## NAIVE BAYES CLASSIFICATION

Naïve Bayes is a probabilistic machine learning algorithm based on Bayes' Theorem, used primarily for classification tasks. It is called "naïve" because it assumes that features are independent of each other, which is rarely true in real-world data but simplifies computation.

![image.png](attachment:image.png)

### TYPES OF NAIVE BAYES CLASSIFIERS

#### Gaussian Naive BAYES(GNB)

* Assumes features follow a normal (Gaussian) distribution.

* Used when features are continuous.

* Example: Spam classification based on word frequencies.

#### Multinomial naive Bayes(MNB)

* Used for discrete features such as word counts in text classification.

* Example: Document classification (e.g., news articles, spam detection).

#### Bernoulli Naive Bayes(BNB)

* Used for binary features (0/1).

* Example: Sentiment analysis, where words are either present or absent.

### When to Use Naïve Bayes?

Fast classification: It is computationally efficient, even for large datasets.

Text classification: Works well for spam filtering, sentiment analysis, and document categorization.

Multiclass classification: Can handle multiple class labels efficiently.
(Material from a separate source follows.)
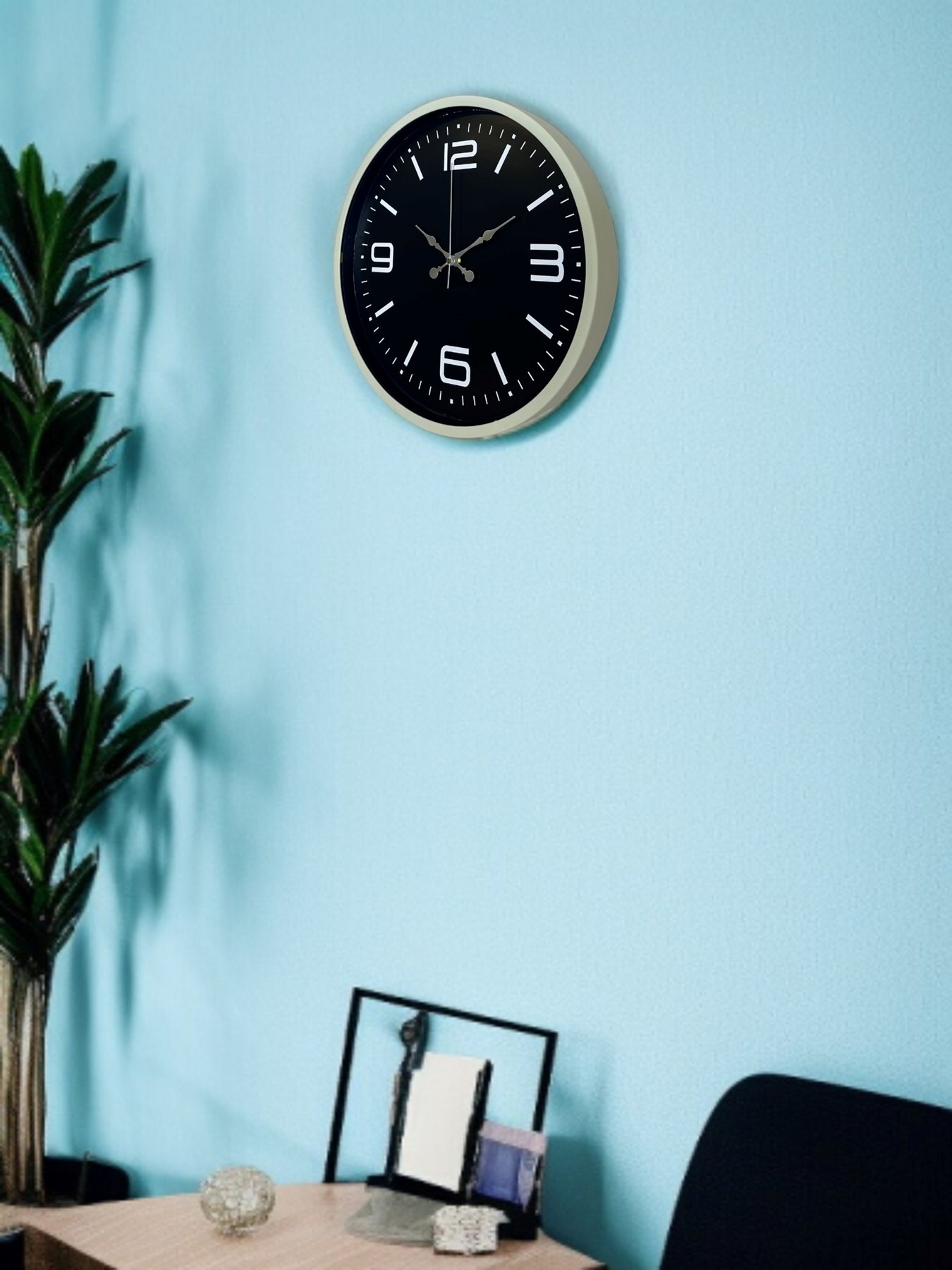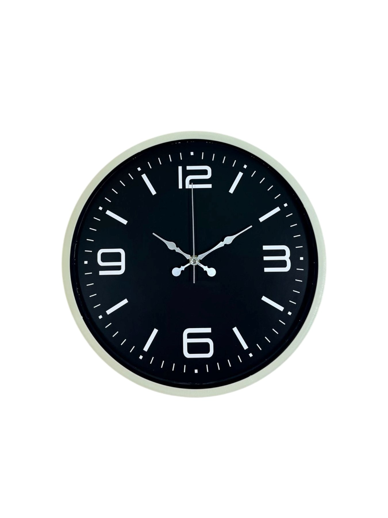 Krem renkli çerçevesi ve siyah zemin üzerindeki beyaz rakamlarıyla tasarlanan bu 36 cm duvar saati, yüksek kontrastlı kadranı sayesinde zamanı tek bakışta kolayca okumayı sağlar. Sade ve modern tasarımı, hem ev hem de ofis dekorasyonlarında uyumlu ve düzenli bir görünüm sunar. Minimal çizgileri sayesinde klasik ve çağdaş mekânlara rahatlıkla eşlik eder.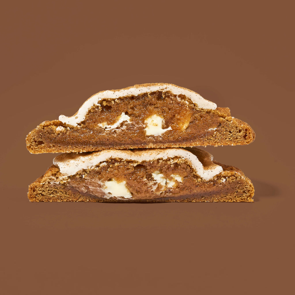 *NEW* for 2025! Chai latte lovers, unite! This cookie is our heavenly take on your favorite fall beverage with warm chai spices, white chocolate chunks and vanilla bean icing dusted with our chai spice blend. Contains NO tea.

Real-time applications: Due to its simplicity and speed, it is used in real-time decision-making systems.

When feature independence is reasonable: Performs best when features are not highly correlated.

### When NOT to use Naïve Bayes?

When features are highly dependent (e.g., complex images, deep learning tasks).

If dataset size is small and class probabilities are not well-represented.


### Applications of Naïve Bayes

Spam Filtering – Classify emails as spam or not.

Sentiment Analysis – Analyze text sentiment (positive/negative).

Medical Diagnosis – Identify diseases based on symptoms.

Credit Risk Prediction – Categorize loan applicants as low/high risk.

Recommendation Systems – Suggest products based on user preferences.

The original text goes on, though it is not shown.